§ **Goal of the exercise**
If pictures appear among the lines below, leave them out while you return exactly the lines from the one with "Man holding a" through the one with "1916 Nyitra, Nitra;".

*** Begin section ***

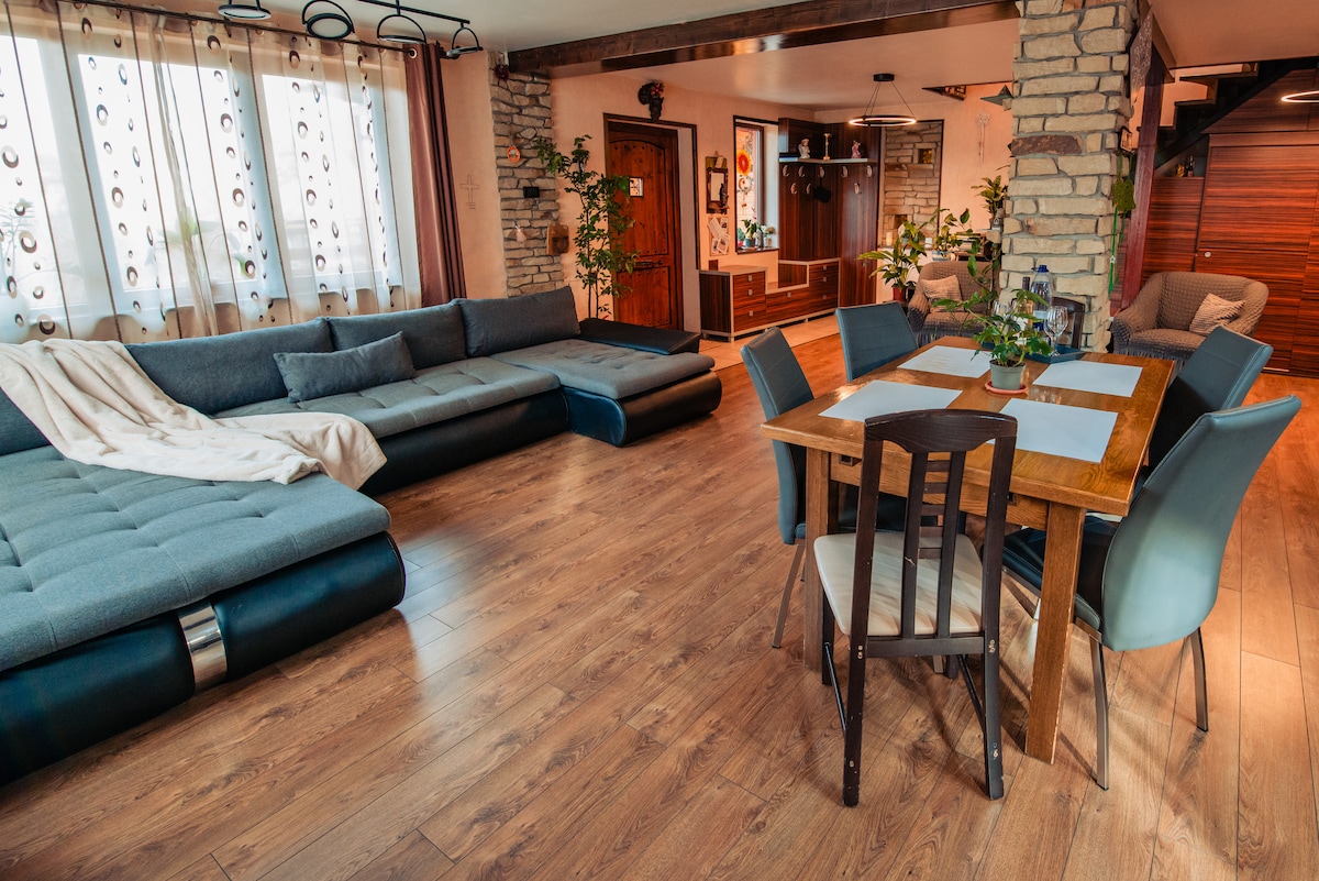 Es una casa familiar muy acogedora con un aspecto rústico. Está en un vecindario muy tranquilo de casas. En el patio trasero hay 2 plazas de estacionamiento y cenador de jardín con barbacoa. Cerca hay un mercado de programas sin parada y a 200 metros del restaurante. Wifi entero en toda la casa. La bebida Welcom está en casa y hace que las ciruelas sean licores.
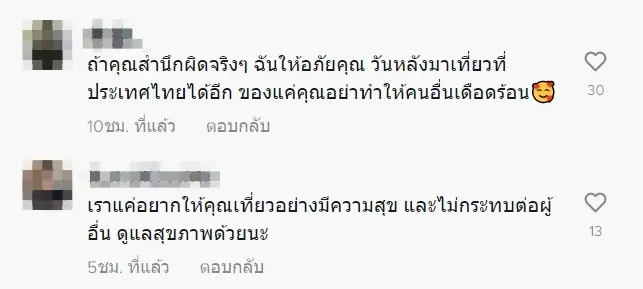 ซึ่งในช่วงท้ายคลิปจะเห็นได้ว่า เธอได้พยายามพูดขอโทษโดยเป็นภาษาต่างๆ ซึ่งมีการยกมือขึ้นมาไหว้ในแบบคนไทย งานนี้ทำเอาชาวเน็ตจำนวนมากแห่เข้าคอมเม้นท์ถึงเหตุการณ์ดังกล่าวว่า ถ้าคุณสำนึกผิดจริงๆ ฉันให้อภัยคุณ วันหลังมาเที่ยวที่ประเทศไทยได้อีก ของแค่คุณอย่าทำให้คนอื่นเดือดร้อน, เราแค่อยากให้คุณเที่ยวอย่างมีความสุข และไม่กระทบต่อผู้อื่น ดูแลสุขภาพด้วยนะ
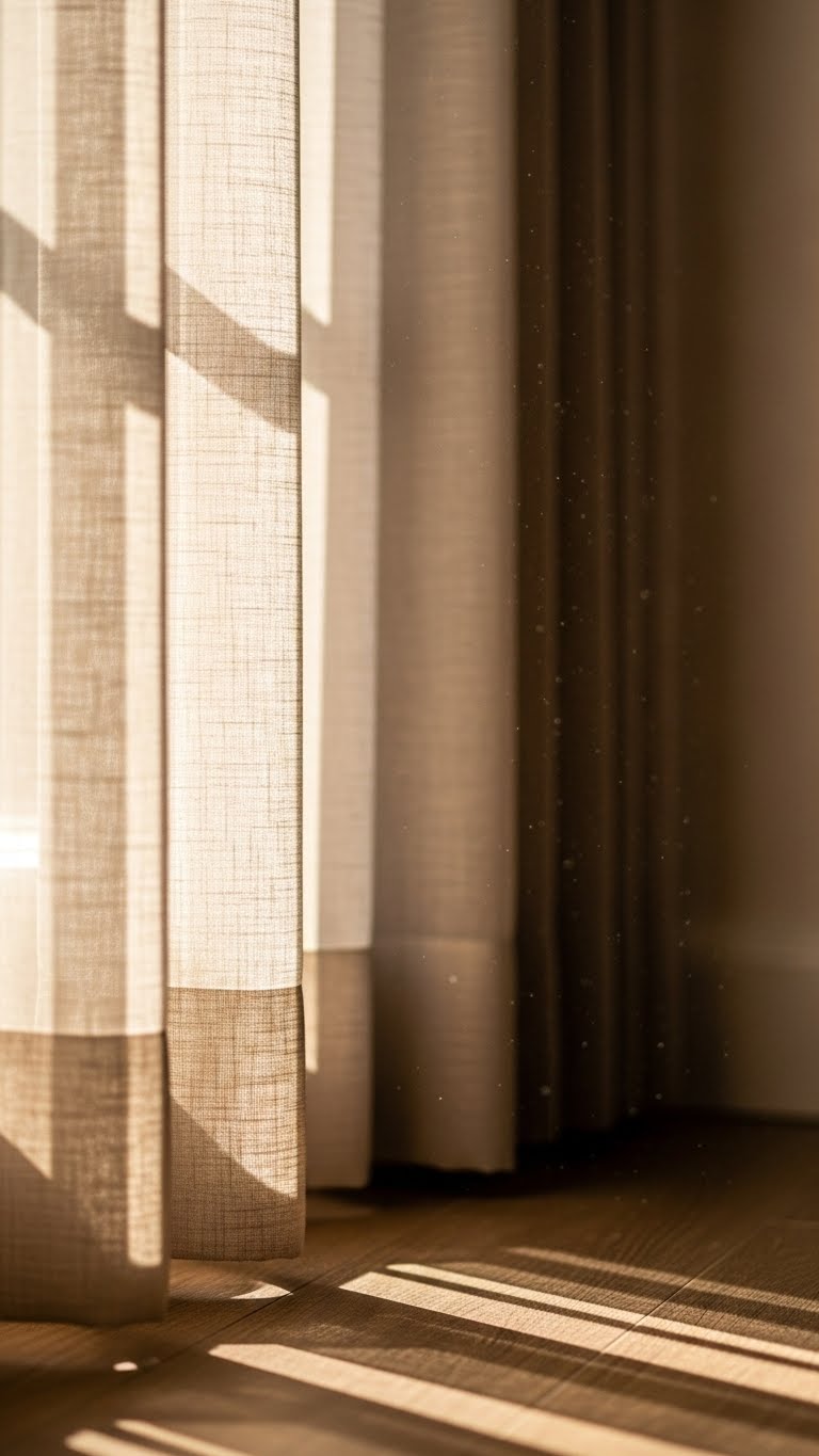 Hang beige curtains for rooms. They soften light. Install with clips. Buy affordable sets. For DIY, hem fabric pieces. This controls brightness. Adjust for seasons.
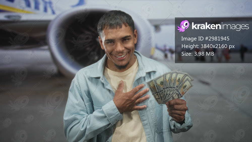 Man holding a fan of dollars with hand on chest at airport by jet engine, smiling and wearing light jacket and t shirt; gratitude success.
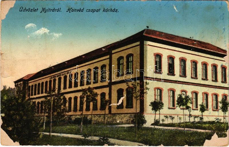1916 Nyitra, Nitra; Honvéd csapat kórház / K.u.K. military hospital (felületi sérülés / surface damage)
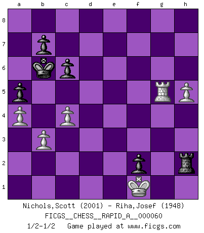 Last move : 1/2-1/2 2009 March 2 9:42:39 [Event "FICGS__CHESS__RAPID_A__000060"] [Site "FICGS"] [Date "2009.02.27"] [Round "1"] [White "Nichols,Scott"] [Black "Riha,Josef"] [Result "1/2-1/2"] [WhiteElo "2001"] [BlackElo "1948"] 1.e4 d6 2.d4 Nf6 3.Nc3 e5 4.dxe5 dxe5 5.Qxd8+ Kxd8 6.Bg5 Be6 7.O-O-O Nbd7 8.f4 exf4 9.Nf3 h6 10.Bxf4 c6 11.Nd4 Bb4 12.e5 Bxc3 13.exf6 Bxd4 14.Rxd4 gxf6 15.Be2 Kc8 16.Rhd1 a5 17.a4 Nc5 18.Bf3 Nd7 19.Re1 Ne5 20.Bxe5 fxe5 21.Rxe5 Kc7 22.Rh5 f5 23.Rdh4 Rad8 24.Rxh6 Rhe8 25.b3 Bd5 26.Rd4 Bxf3 27.Rh7+ Kb6 28.Rxd8 Rxd8 29.gxf3 Rd4 30.h4 Rf4 31.h5 Rxf3 32.Rf7 f4 33.Kd2 Rh3 34.Rf5 Rh2+ 35.Kd3 f3 36.c4 f2 37.Ke2 Ka6 38.Kf1 Kb6 39.Rg5 1/2-1/2 Pirc defense Queenside Castling by player White (move 7) This chess game ended in a draw. Follow this game move after move (download)A Chess game is a dialogue, a conversation between a player and his opponent. Each move by the opponent may contain threats or be a blunder, but a player cannot defend against threats or take advantage of blunders if he does not first ask himself: What is my opponent planning after each move ? (Bruce A. Moon) Ich bin der einzige Schachspieler, der sich während der Vorbereitungen zum Turnier verletzt hat. (Woody Allen) Sin errores no puede haber brillantez. (Emanuel Lasker) Vous savez, camarade Pachman, je n'éprouve pas de plaisir à être ministre, je jouerais plutôt aux échecs comme vous, ou alors ferais une révolution au Venezuela. (Che Guevara à Ludek Pachman, 'Checkmate in Prague', 1975) God, you are such an idiot. - Actually, I thought I was more of a jerk. (Gregory House to Stacy Warner, House M.D.)
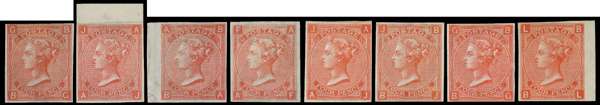 1865 4d Vermilion Pl.7-14. Very fine unused o.g. complete group of eight imperforate imprimaturs from each plate (Pl.7, 8, 9, 10, 11, 12, 13 & 14). Cat £20,000.
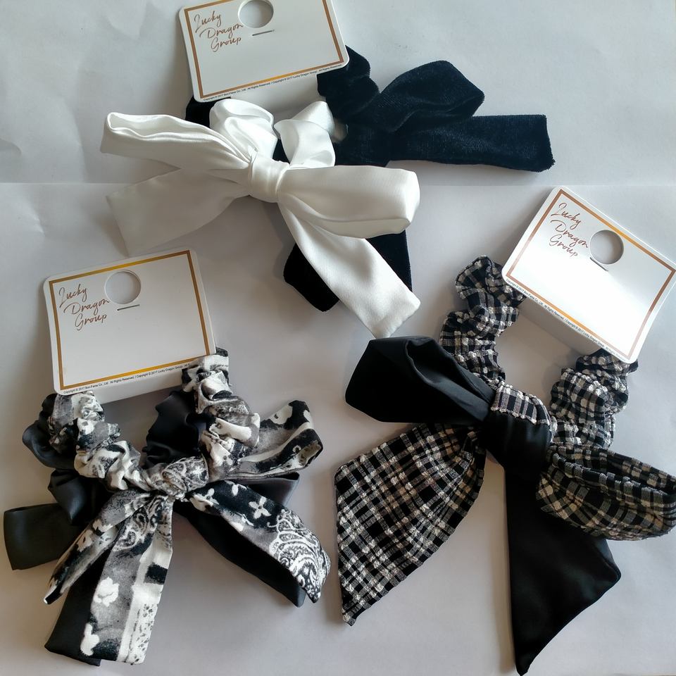 2 PCS Mixed Color Soft Hair Scrunchies With Tail Bow Ribbon Hair Accessories Hair Elastic Band Style Cute for Women and Kid
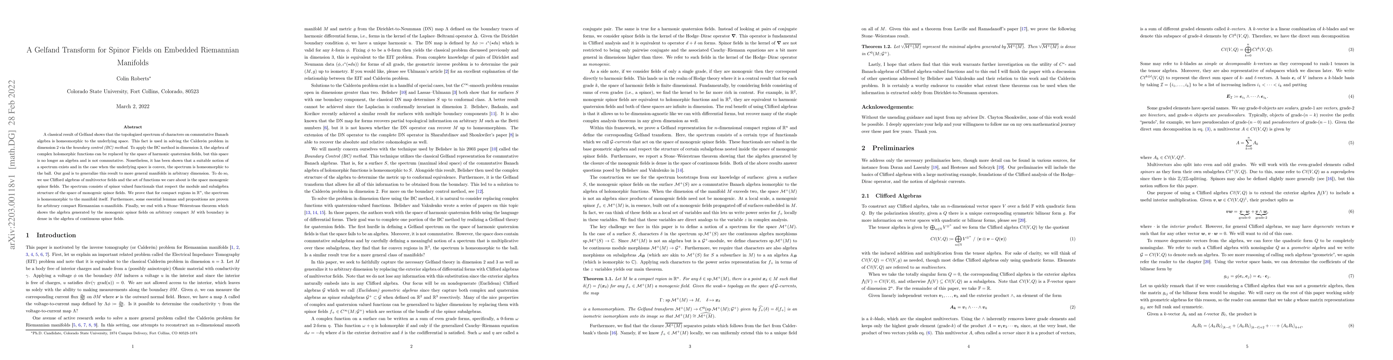 Researchers develop a Gelfand transform for spinor fields on embedded Riemannian manifolds, showing that the spectrum of these fields is homeomorphic to the manifold itself, with implications for solving problems in dimension 3 and beyond.
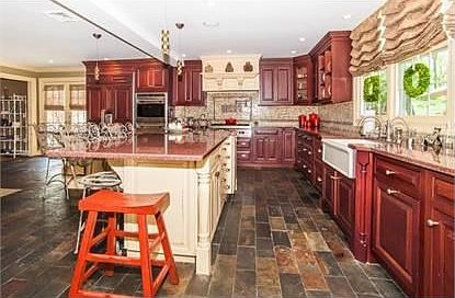 Exceptional home features a recent renovation to include a custom kitchen with Wolf cook-top and range, Sub-Zero refridgerator, granite countertops and farm-sink. Kitchen opens on two sides to wrap - around paver patio and terraced yard. Gorgeous slate floor in kitchen and entry hall. Wood floors throughout. New powder room on first floor. Open floor plan from kitchen to living room with wood burning fireplace. Kitchen with huge center island, seats 6. Heat and CAC replaced in 2006
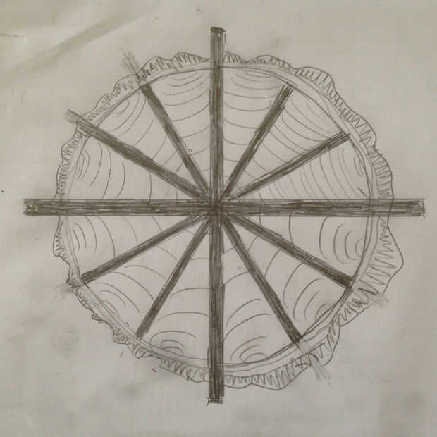 Mi plan era utilizar dos bofetadas de aliso que obtuve cuando hice mi motosierra licencia o certificación. Para hacerlo más interesante quise inverso los anillos de crecimiento mediante la reducción de las dos piezas en triángulos y pegar revés.
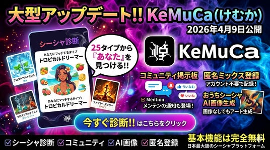 この8ヶ月で25以上の主要機能を新たに実装しており、今回の大型アップデートでは、自分のシーシャタイプが25種類の中からわかる「シーシャ診断」、シーシャ好きが集まれる「コミュニティ掲示板」、アカウント登録なしでも記録できる「匿名ミックス登録」など、ユーザー体験を一気に拡張する新機能をリリースしました。
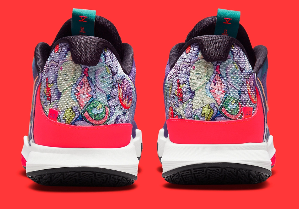 Mais ce qui attire le plus l’œil se situe au niveau du talon où ressortent des motifs censés représenter le basket, la mode et la musique. On retrouve la même illustration sur la semelle intérieure, avec notamment les inscriptions « Create Forever » et « Be Epic ». La date de sortie de cette Kyrie 5 Low n’est pas encore connue.
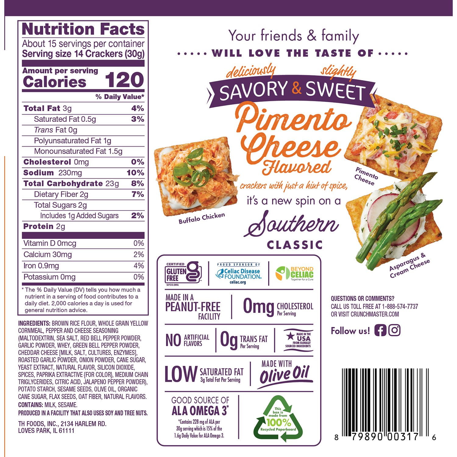 Crunchmaster Pimento Cheese Crackers are gluten-free, non-GMO certified, have no artificial flavors, 0mg Cholesterol per serving, 0g Trans Fat per serving, a good source of ALA Omega 3, and are made with olive oil. Healthy snacking that tastes great!
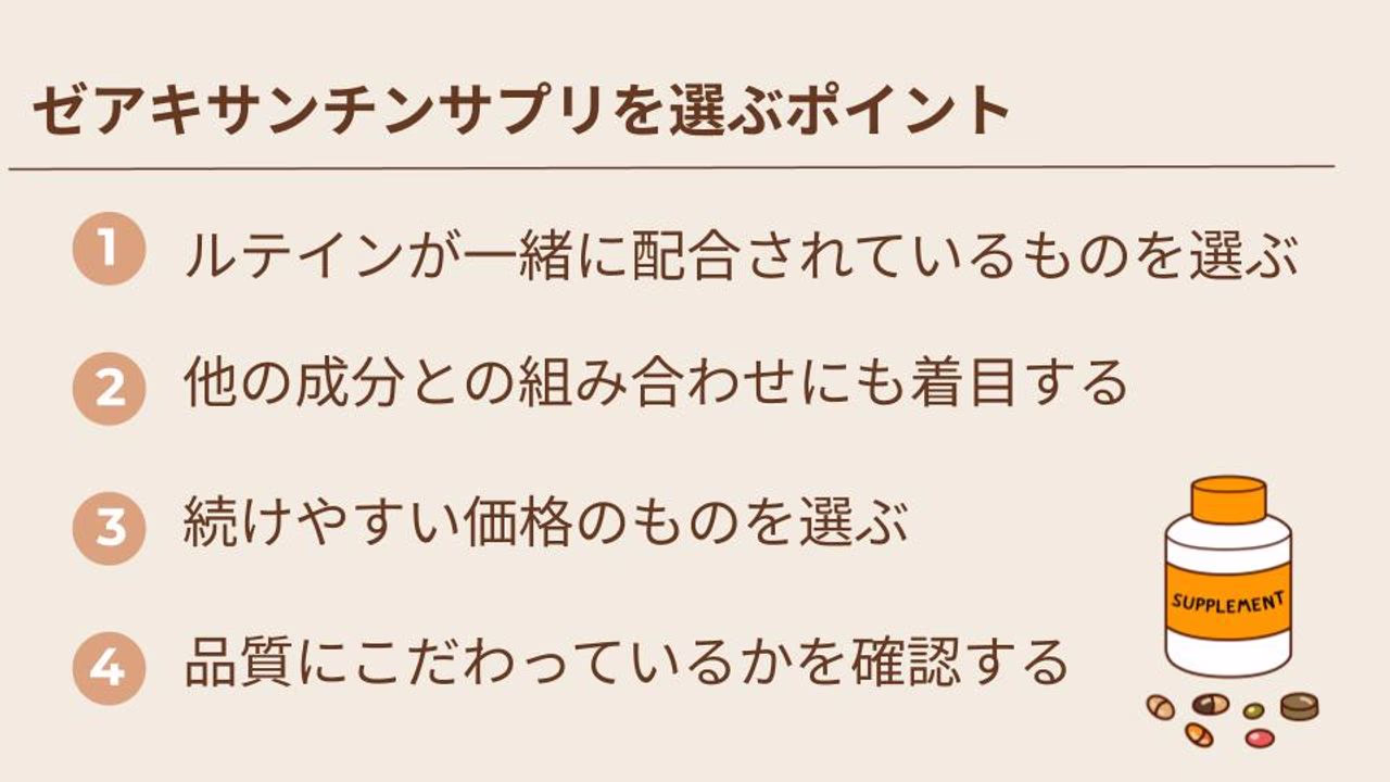 そこで、ゼアキサンチンサプリを選ぶための4つのポイントをご紹介します。

*** End section ***

§ **Task solution**
 Man holding a fan of dollars with hand on chest at airport by jet engine, smiling and wearing light jacket and t shirt; gratitude success.
1916 Nyitra, Nitra; Honvéd csapat kórház / K.u.K. military hospital (felületi sérülés / surface damage)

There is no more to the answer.